_Goal of the exercise_
Leave out the images and repeat the listing below without a single change.

_Data section_
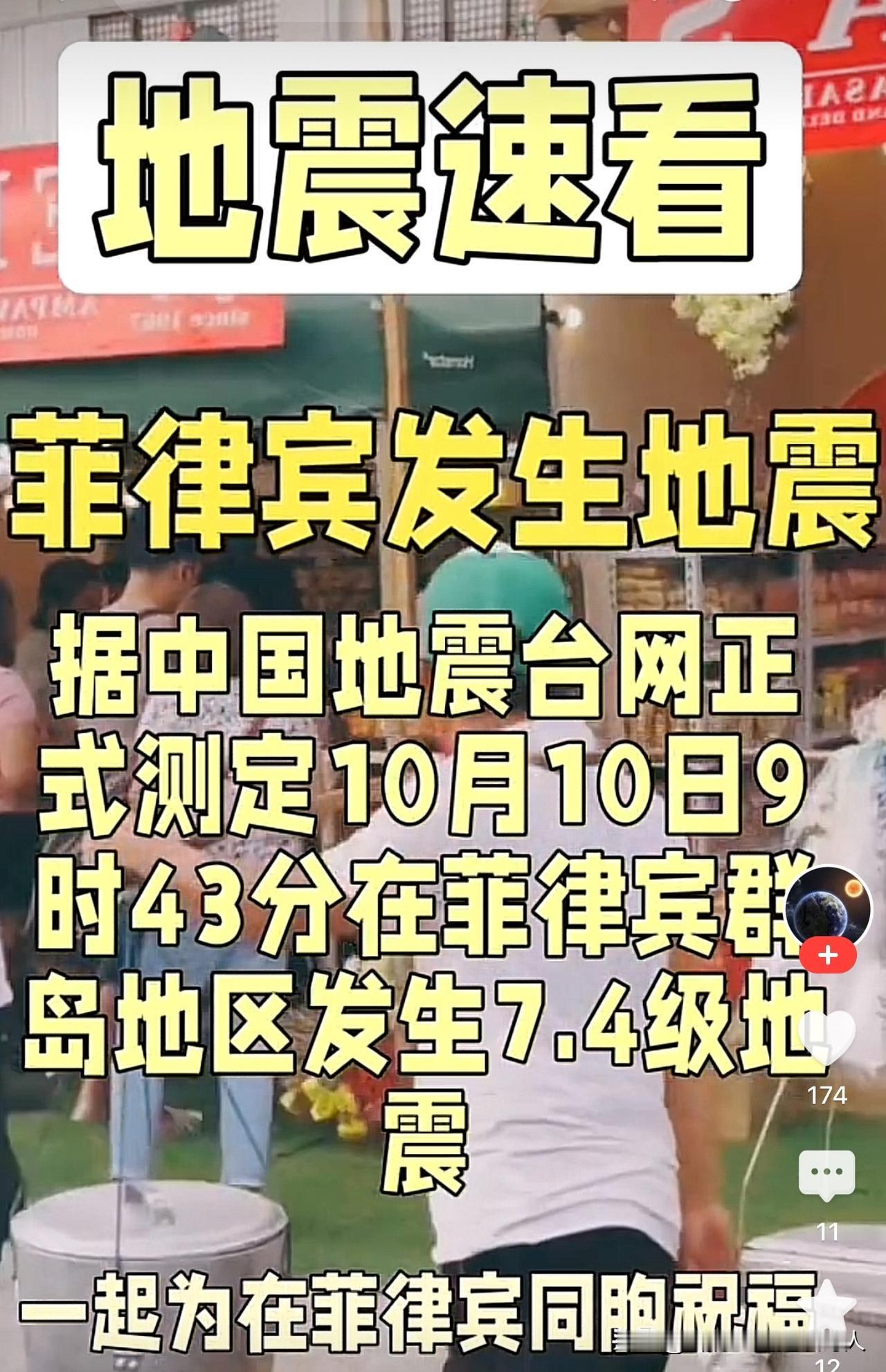 突发,10月10日,上午9点44分,小菲棉兰老岛发生7.3级地震,并触发海啸预警
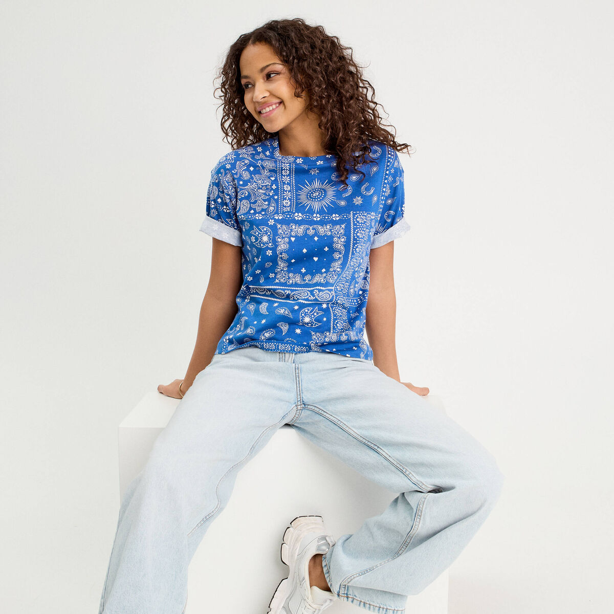 T-shirt manches courtes bleu femme
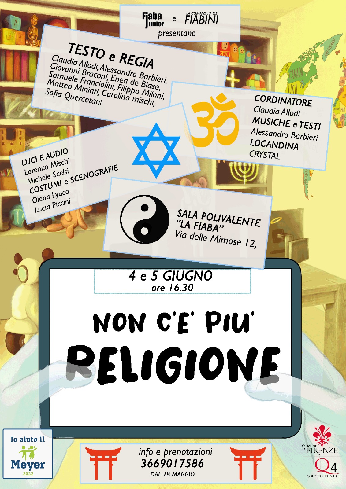 La Compagnia Teatrale Amatoriale Fiaba Junior, presenta uno spettacolo musicale realizzato da un gruppo di 40 bambini tra i 4 e i 12 anni facente parte delle realtà associative e culturali della Parrocchia Beata Vergine Maria Madre delle Grazie - Isolotto. Il gruppo è gestito in maniera amatoriale e completamente volontaria come servizio reso alla comunità del Q4.
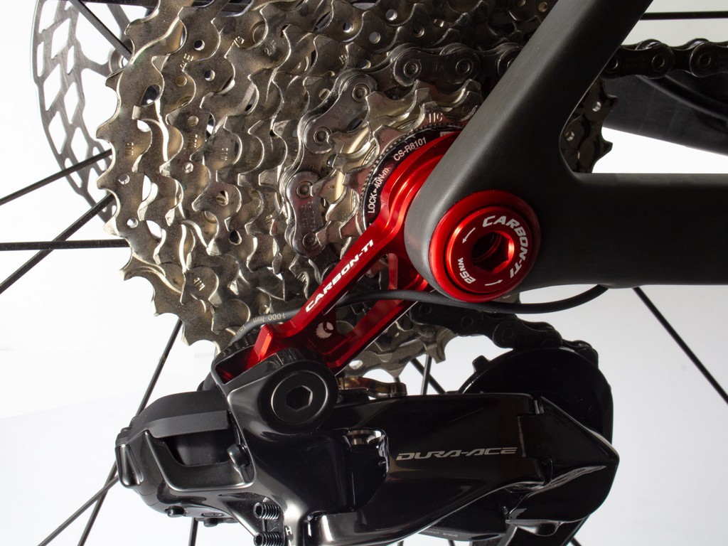 Développée et utilisée en compétition par l'UAE Team, La patte de dérailleur Carbon-Ti X-Hanger offre un design exclusif et des performances exceptionnelles.

_Your response_
 突发,10月10日,上午9点44分,小菲棉兰老岛发生7.3级地震,并触发海啸预警
 T-shirt manches courtes bleu femme
 La Compagnia Teatrale Amatoriale Fiaba Junior, presenta uno spettacolo musicale realizzato da un gruppo di 40 bambini tra i 4 e i 12 anni facente parte delle realtà associative e culturali della Parrocchia Beata Vergine Maria Madre delle Grazie - Isolotto. Il gruppo è gestito in maniera amatoriale e completamente volontaria come servizio reso alla comunità del Q4.
 Développée et utilisée en compétition par l'UAE Team, La patte de dérailleur Carbon-Ti X-Hanger offre un design exclusif et des performances exceptionnelles.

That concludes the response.